Chocolate Cake Raspberry

chocolate cake raspberry

Cake:

  • 1 1/2 cups packed almond meal
  • 1/2 cup cocoa powder
  • 1/2 teaspoon baking soda
  • 1 teaspoon sea salt
  • 1 1/2 cups packed pitted dates
  • 1/2 cup filtered water
  • 3 pastured eggs
  • 3 tablespoons coconut oil
  • 2 teaspoons vanilla
  • ½ cup chopped walnuts (optional)

Compote:

  • 1 bag frozen raspberries
  • Pinch of sea salt

Coconut Cream:

  • 1 can organic, full-fat coconut milk, refrigerated overnight
  • Touch of stevia
  1. Preheat oven to 325 degrees.
  2. Mix dry ingredients in a bowl and set aside.
  3. Blend dates and water in blender until smooth paste forms.
  4. Mix date paste with other wet ingredients until smooth.
  5. Add the wet ingredients to the dry and stir until smooth.
  6. Grease an 8″ round cake pan with coconut oil and pour in batter.
  7. Bake for 25-30 minutes or until a toothpick comes out clean.
  8. While cake is baking, heat frozen raspberries in stainless steel pan with a pinch of salt.
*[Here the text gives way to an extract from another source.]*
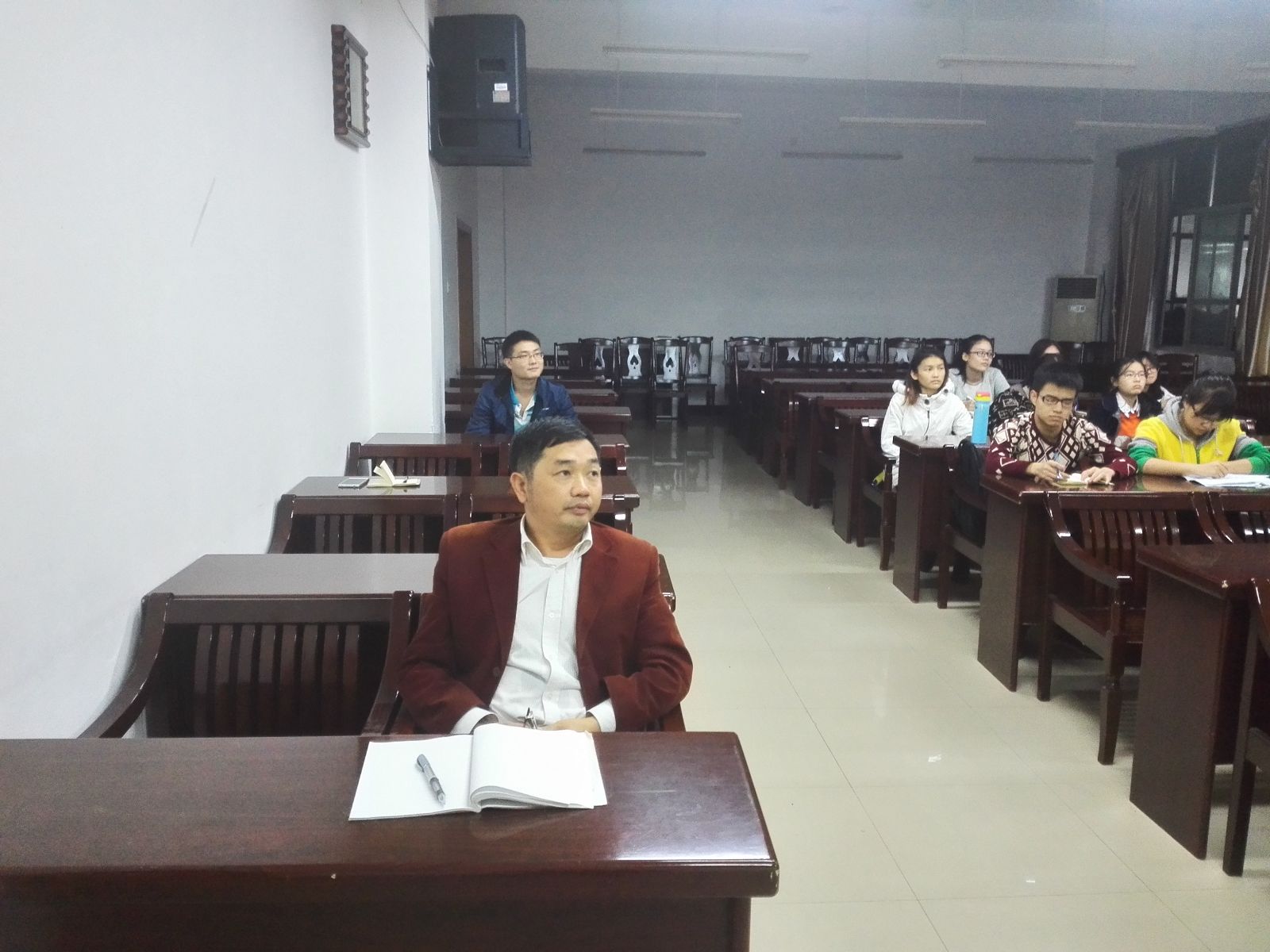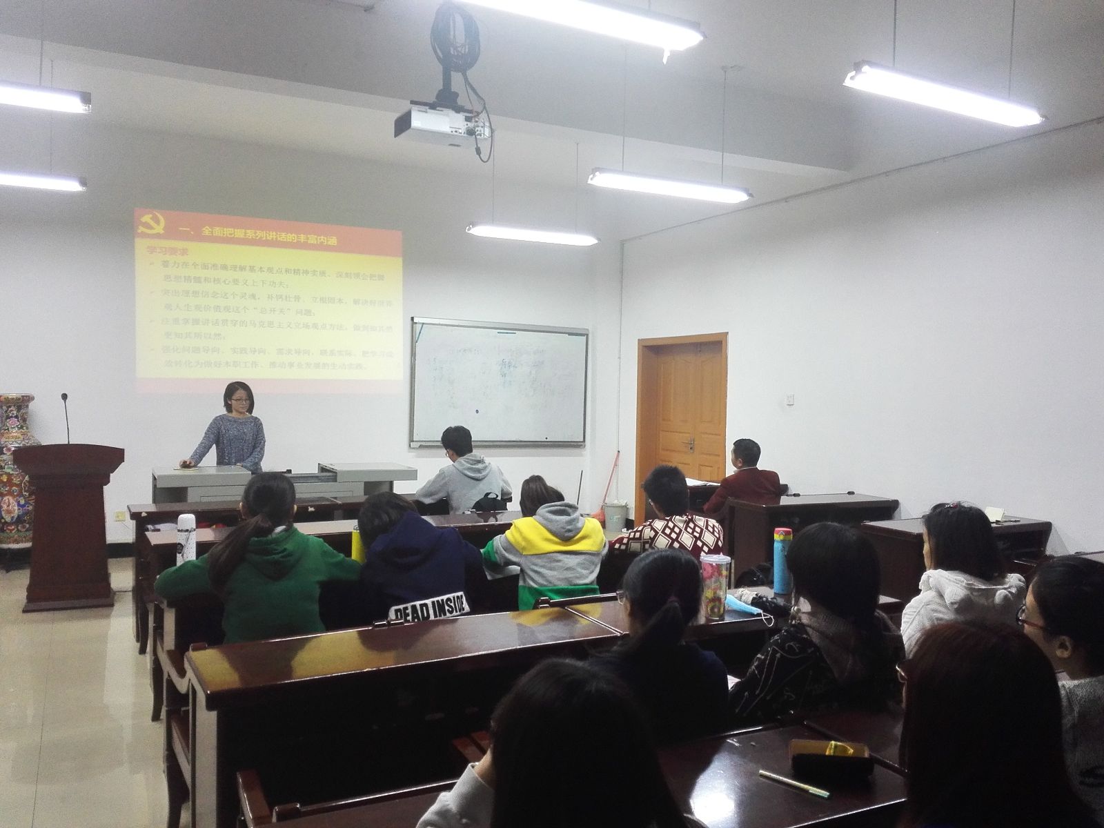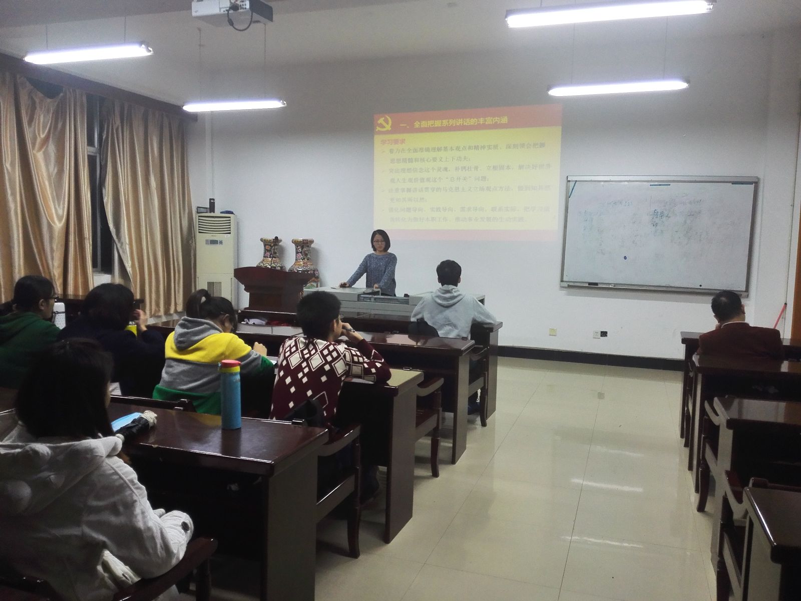 10月26日晚,在化学化工大楼A-417,高分子本科党支部书记郭艳君为该支部党员辅导学习习近平总书记系列讲话精神。院党委书记刘稳丰出席并指导。

Reduce sauce to desired consistency.
  9. Make coconut cream. Coconut cream is simply the “cream” that separates from the water and rises to the top when a can of coconut milk is refrigerated. Mix in a touch of stevia and sea salt to taste.
  10. Once cake is baked, allow to cool and set.
  11. Slice cake and serve with compote and coconut cream (or real heavy whipped cream).